Natural compounds as potential Hsp90 inhibitors for breast cancer-Pharmacophore guided molecular modelling studies

Breast cancer is one of the major impediments affecting women globally. The ATP-dependant heat shock protein 90 (Hsp90) forms the central component of molecular chaperone machinery that predominantly governs the folding of newly synthesized peptides and their conformational maturation. It regulates the stability and function of numerous client proteins that are frequently upregulated and/or mutated in cancer cells, therefore, making Hsp90 inhibition a promising therapeutic strategy for the development of new efficacious drugs to treat breast cancer.

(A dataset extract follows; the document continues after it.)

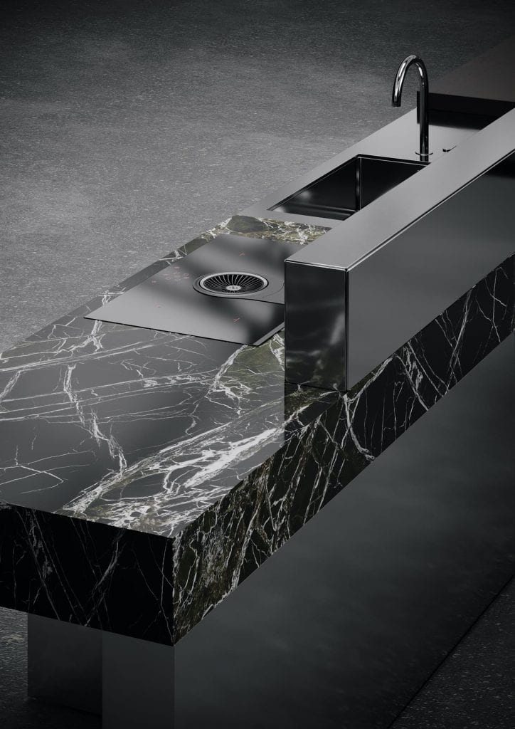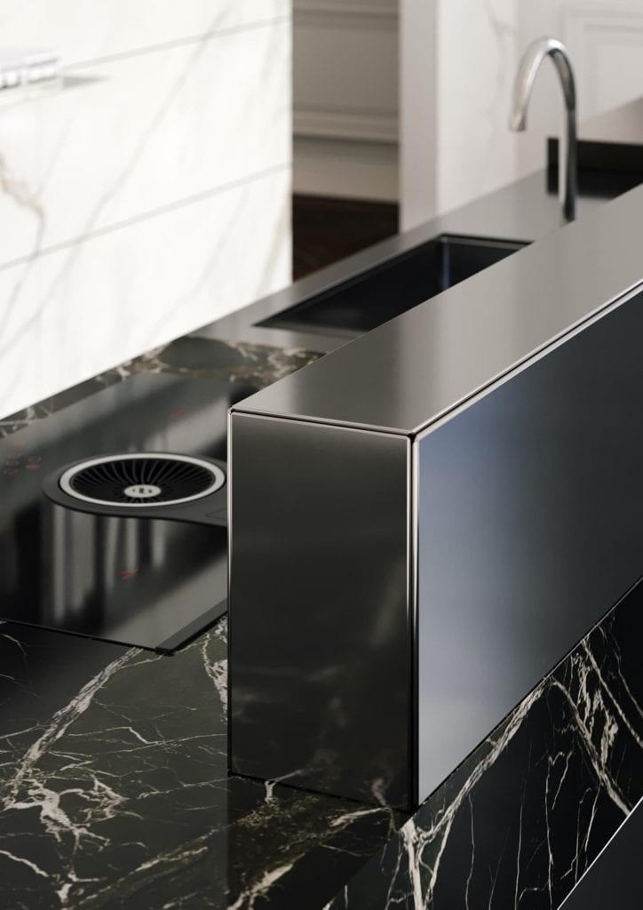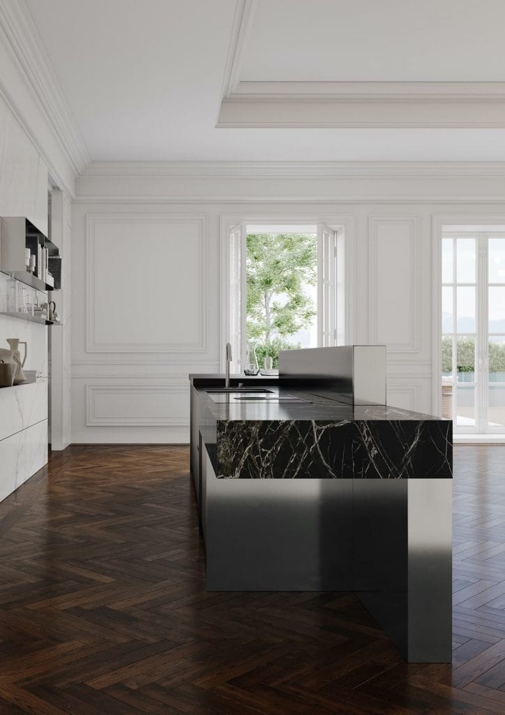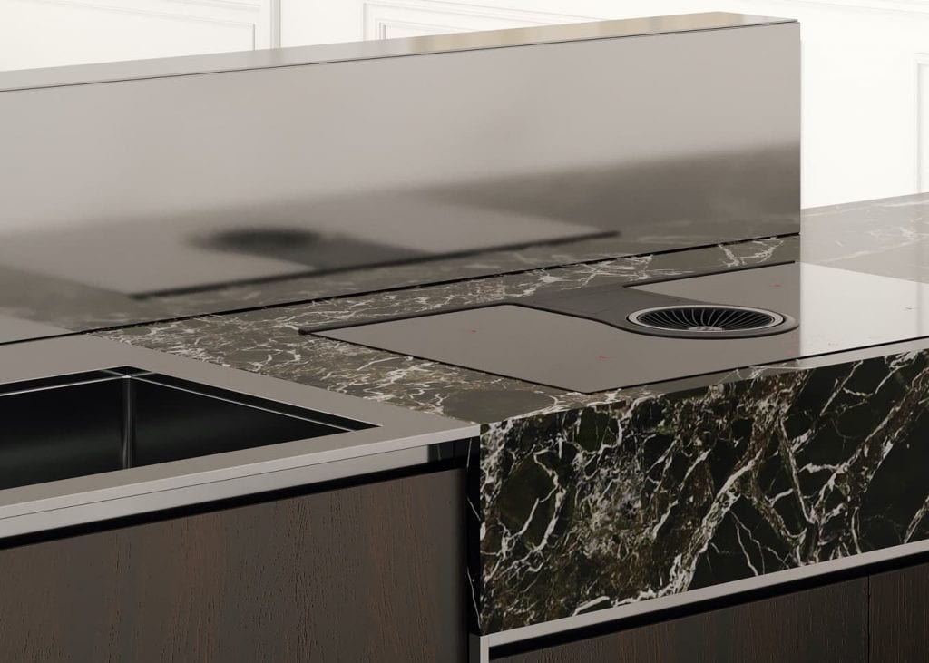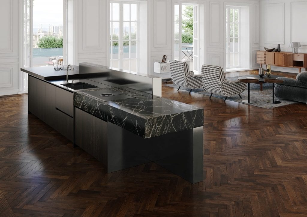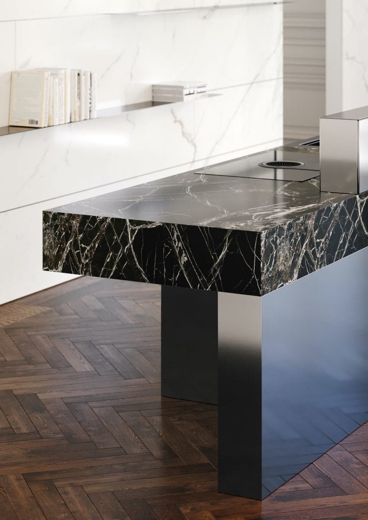IS?LA, elemento architettonico che divide gli spazi con un tratto distintivo e unico. I materiali sul lato living, protagonisti, esaltano la nuova boiserie con mensole in acciaio che, come lame, intersecano il marmo Aria ed evidenziano il gioco di volumi dei top dell’isola. Il lato operativo e funzionale rende protagonisti i nuovi materiali come il Castagno Termotrattato delle ante e del piano snack, il sottile acciaio satinato del top e il marmo Breccia Imperiale del piano ad alto spessore.

In the present in silica investigation, a structure-based pharmacophore model was generated with hydrogen bond donor, hydrogen bond acceptor and hydrophobic features complementary to crucial residues Ala55, Lys58, Asp93, 11e96, Met98 and Thr184 directed at inhibiting the ATP-binding activity of Hsp90. Subsequently, the phytochemical dataset of 3210 natural compounds was screened to retrieve the prospective inhibitors after rigorous validation of the model pharmacophore. The retrieved 135 phytocompounds were further filtered by drug-likeness parameters including Lipinski's rule of five and ADMET properties, then investigated via molecular docking-based scoring. Molecular interactions were assessed using Genetic Optimisation for Ligand Docking program for 95 drug-like natural compounds against Hsp90 along with two clinical drugs as reference compounds - Geldanamycin and Radicicol. Docking studies revealed three phytochemicals are better than the investigated clinical drugs. The reference and hit compounds with dock scores of 48.27 (Geldanamycin), 40.90 (Radicicol), 73.04 (Hit1), 72.92 (Hit2) and 68.12 (Hit3) were further validated for their binding stability through molecular dynamics simulations. We propose that the non-macrocyclic scaffolds of three identified phytochemicals might aid in the development of novel therapeutic candidates against Hsp90-driven cancers.